Vectors in \text{span}(\vec u, \vec v) must have an equal 2nd and 3rd component, and the third component is 252, so the second must be as well.

We can construct the following series of matrices to get (X^TX)^{-1}X^T.

• X = \begin{bmatrix} 1 & 0 \\ 0 & 1 \\ 0 & 1 \end{bmatrix}
• X^T = \begin{bmatrix} 1 & 0 & 0 \\ 0 & 1 & 1 \end{bmatrix}
• X^TX = \begin{bmatrix} 1 & 0 \\ 0 & 2 \end{bmatrix}
• (X^TX)^{-1} = \begin{bmatrix} 1 & 0 \\ 0 & \frac{1}{2} \end{bmatrix}
• (X^TX)^{-1}X^T = \begin{bmatrix} 1 & 0 & 0 \\ 0 & \frac{1}{2} & \frac{1}{2} \end{bmatrix}

a = 4, b = 5.

The result from the part (b) implies that when using the normal equations to find coefficients for \vec u and \vec v – which we know from lecture produce an error vector whose length is minimized – the coefficient on \vec u must be y_1 and the coefficient on \vec v must be \frac{y_2 + y_3}{2}. This can be shown by taking the result from part (b), \begin{bmatrix} 1 & 0 & 0 \\ 0 & \frac{1}{2} & \frac{1}{2} \end{bmatrix}, and multiplying it by the vector \vec y = \begin{bmatrix} y_1 \\ y_2 \\ y_3 \end{bmatrix}.

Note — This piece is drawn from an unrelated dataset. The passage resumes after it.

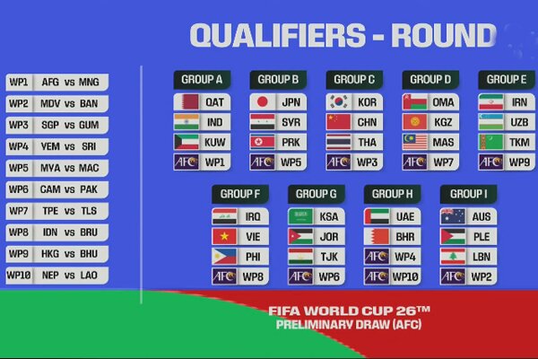 TEHRAN - The stage is set for Preliminary Joint Qualification Round 2 for the FIFA World Cup 2026 and AFC Asian Cup Saudi Arabia 2027 following the draw at the AFC House in Kuala Lumpur, Malaysia on Thursday.

Here, y_1 = 4, so a = 4. We also know y_2 = 2 and y_3 = 8, so b = \frac{2+8}{2} = 5.

3 \sqrt{2}.

The correct value of a \vec u + b \vec v = \begin{bmatrix} 4 \\ 5 \\ 5\end{bmatrix}. Then, \vec{e} = \begin{bmatrix} 4 \\ 2 \\ 8 \end{bmatrix} - \begin{bmatrix} 4 \\ 5 \\ 5 \end{bmatrix} = \begin{bmatrix} 0 \\ -3 \\ 3 \end{bmatrix}, which has a length of \sqrt{0^2 + (-3)^2 + 3^2} = 3\sqrt{2}.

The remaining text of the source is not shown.